Anyway, I came up with another cracking example today. In mitigation I was very tired when I awoke this morning. The Bank Holiday weekend had trained my body to think that getting up before 7.00 was inhumane. I very nearly had to be scraped off the bed this morning.

So bearing this in mind, consider this. I put my jumper on inside out. Not only that, but I did not realise that I had done so until nearly two hours later. I happened to be sitting moodily at my desk (as is my default position) when I noticed. At that point I remembered that one or two of my colleagues had smirked at me through the first hour of the day. I have to say I wondered what they had to be smug about. It was Tuesday morning.

I left my desk as casually as is possible in these mortifying circumstances, landed sharply in the disabled toilets and amended the offending garment. I rolled back in just as casually, convinced that I noticed one or two more smirks as I did. Yet nobody said a word about it. Perhaps they felt sorry for the Office Retard. Perhaps they just couldn't believe I had done it. You know how fashion is these days? Clearly I don't.

Monday, 26 April 2010

Has Beens And Cheese Balls

Past My Best

As is natural for any writer I sometimes wonder about the impact of this blog. No, column. I'm going to call it a column and you can go ahead and call me pretentious.

Anyway I don't mean it's impact internationally. I don't expect it to become a regular feature in a national broadsheet leading to two best-selling novels (a la Helen Fielding's Bridget Jones), but I remain hopeful that those who know me might enjoy it from time to time.

It is with this in mind then that I found something a friend said to me at the weekend quite disturbing. Admittedly he is my friend and therefore biased, and he had been drinking Guinness for four hours previous to our conversation, but the thrust of his message was that he enjoys my work immensely. All of which was a very welcome boost until it transpired that he hasn't even seen this blo.........er column, and was in fact referring to a series of diaries I wrote when I was a teenager.

So, if you don't think much of what you are reading now, you can rest assured that I was a good writer 20 years ago. In the opinion of one of my closest, lifelong friends. The question of why any teenager would allow even (especially?) his closest friends to read his diary is something else entirely, and something which even the world's greatest psycho-analysts may never figure out.

Cheese Balls

It was a depressing Monday morning. The reasons for this are a blog (damn it!) of their own, and one which will not be published until the situation reaches it's denouement. Despite the gloom I happened to strike up a cheery, polite conversation with a young girl who works at the other end of our office. I couldn't even tell you what she does, or even what department she works in. All I know is that she is friendly and polite.

Now this conversation is relevant only because my colleagues take every opportunity to find humour in my antics. Not in a nasty way, you understand, but you have to have something to get you through the day. Especially in the current climate. All of which led one colleague to refer to me during the ensuing discussion about my perceived intentions as a 'Cheese Ball'.

'What does that mean?' I asked.

'It means you are cheesy' she answered unsatisfactorily.
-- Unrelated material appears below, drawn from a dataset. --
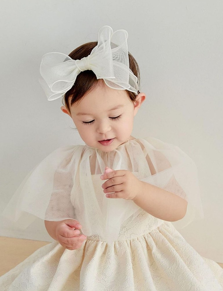 This baby girl headband is made of soft lace fabric, which is comfortable and skin-friendly, and has a beautiful flower pattern. The headband is suitable for babies aged 0-36 months, and can be worn as a photo prop, birthday party gift, or everyday accessory. The elastic design of the headband makes it easy to wear and take off, and it will not leave any marks on your baby's head. If you have any questions about the headband, please feel free to , we will provide you with the best service. Lace flower headband for baby girl: The lace flower headband is made of high-quality lace and elastic, soft and comfortable, skin-friendly, breathable, lightweight and durable, suitable for babies from 0 to 36 months old. Newborn shower birthday party gift: The lace flower headband and lace bow headwrap are suitable for birthday parties, photo shoots, ceremonies, daily wear and any other special occasions. They are beautiful gifts for babies, and will make your baby more cute and beautiful. Universal size: The lace flower headband and lace bow headwrap are one size fits all, with an elastic band design that can be adjusted to fit different head sizes, making them suitable for most babies and toddlers. Occasions: The lace flower headband and lace bow headwrap are suitable for various occasions, such as baptism, christening, first communion, birthday parties, photo shoots, ceremonies, daily wear and any other special occasions. Easy to wear: Our baby headbands and bows are easy to wear. They simply slip on your baby's head and stay in place all day. The elastic band is stretchy and durable, ensuring that the headband will not slip off.

I laughed, despite having never really grasped the concept of what 'cheesy' actually means in this context. Perhaps that fact proves my colleague's point, and that cheesiness is something which can only be truly achieved by those who don't know they are doing it. Or perhaps I really was chatting her up and am therefore morally reprehensible, and due to be shot at dawn.
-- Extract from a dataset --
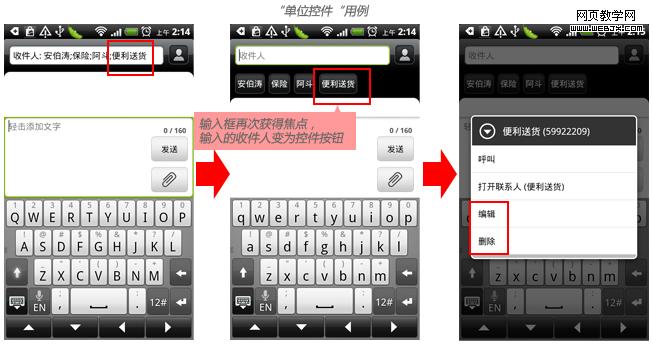 某些特定条件的输入内容本身就是一个单位,如收件人的邮箱地址,收信人的电话,好友的名称等。将每个单位转化为控件按钮,可以方便用户对单位信息进行编辑操作。

Whatever gets you through the day, but I maintain my innocence.

Sunday, 25 April 2010

Sudafed - Don't Do It Kids

I'm not here to laugh at suicide, but when having a spot of lunch (get me, they don't have lunch in Thatto Heath) with a couple of friends the other day we did stumble upon an amusing anecdote that is loosely related to the theme.
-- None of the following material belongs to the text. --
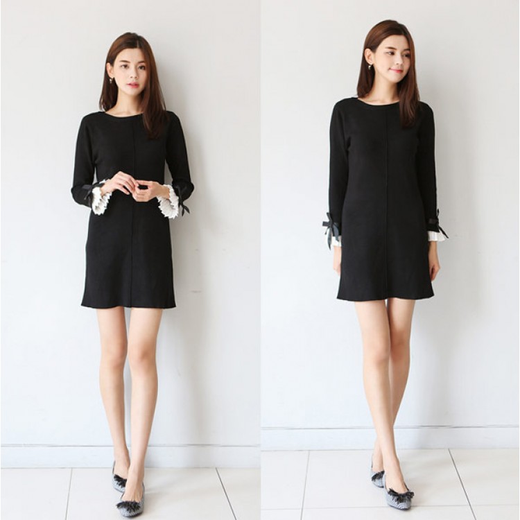 TE1426GJWL Abito decorativo con drappeggio in raso floccato di lana alla moda coreana

Many years ago I came home from a night out in town feeling utterly terrible. Events had conspired against me (which they seemed to every week but usually I was more philosophical about it) and so I decided I didn't want to feel anything any more. At this point an important distinction is necessary. I didn't want to die, or even be hospitalised or anything of such gravity. I just didn't want to feel anything. I ended up feeling a twat.

Now my mother doesn't normally stock the kind of drugs that provide what I needed and so as I was living with her at the time I had to make do and mend. I went to the medication drawer (everyone has one, don't they?) and could only find a packet of Sudafed. To this day I am not entirely sure what Sudafed is meant to do. I think it is something to do with nasal congestion but it might just as easily be a remedy for the Bubonic Plague.

What I do know about it is that it does not kill you. At least it did not kill me. I took somewhere between six and eight tablets (I can't accurately recall, it was a long time ago, which is a defence I swear by) and was soon fast asleep. And so it had the desired effect you might think. Well yes, until you consider that for three days afterwards my head was spinning like Lord Mandelson on Speed (or Sudafed) and that everything seemed to be happening at three times it's normal pace. This was most disconcerting and was enough to ensure I have not repeated the exercise since.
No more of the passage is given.